- Country: Botswana
- Location: Jwaneng, Southern District
- Coordinates: 24°38′35″S 24°39′55″E﻿ / ﻿24.64306°S 24.66528°E
- Status: Proposed
- Construction began: H2 2024 Expected
- Commission date: H2 2025 Expected
- Construction cost: US$78.3 million
- Owner: Sinotswana Green Energy
- Operator: Sinotswana Green Energy

Solar farm
- Type: Flat-panel PV

Power generation
- Nameplate capacity: 100 MW

= Jwaneng Solar Power Station =

Solar farm in Botswana

The Jwaneng Solar Power Station is a 100 MW solar power station, under development in Botswana. Two Chinese companies and one Botswana independent power producer (IPP) formed a consortium that owns the project. Botswana Power Corporation (BPC), the national electricity utility company is the power off-taker, under a 25-year power purchase agreement.

==Location==
The power station would be located in the town of Jwaneng, in the Southern District of Botswana. Jwaneng is located approximately 171 km west of Gaborone, the capital city of Botswana.

==Developers==
The power station is under development by a consortium comprising two Chinese companies and one Botswana IPP. The shareholders in the business formed a special purpose vehicle (SPV) company to own, design, build, operate and maintain this energy infrastructure. The SPV company is called Sinotswana Green Energy. The table below illustrates the shareholding in the SPV company.

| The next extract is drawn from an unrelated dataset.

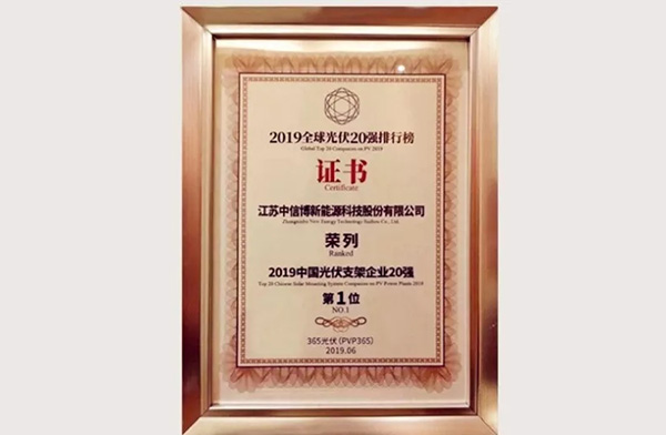 中信博荣登2019中国光伏支架企业20强榜首

Shareholding In Sinotswana Green Energy
| Rank | Shareholder | Domicile | Percentage | Notes |
| 1 | China Harbour Engineering | China | 55.0 |  |
| 2 | China International Water Resources and Hydropower | China | 30.0 |  |
| 3 | New Energy Company Proprietary Limited | Botswana | 15.0 |  |
|  | Total |  | 100.00 |  |  |

==Costs==
The cost of construction is reported as US$78.3 million (ZAR 1.4 billion). The engineering, procurement and construction (EPC) contract was awarded to China Harbour Engineering Company and
China Water and Electric Development Company. The same pair was awarded the operations and maintenance contract.

==Construction timetable==
Construction is expected to start during H2 2024, with commercial commissioning anticipated during H2 2025.

==Other considerations==
At a later stage it is expected that a 50 MW battery storage power station (BESS) will be installed at this power station to enable the station to supply power before the sun rises and after it sets.

Botswana, which depends on 96 percent fossil-fuel sources for its electricity as of 2024, intends to increase its sources of renewable energy generation to 50 percent of demand by 2036. This power station assists in attaining that goal.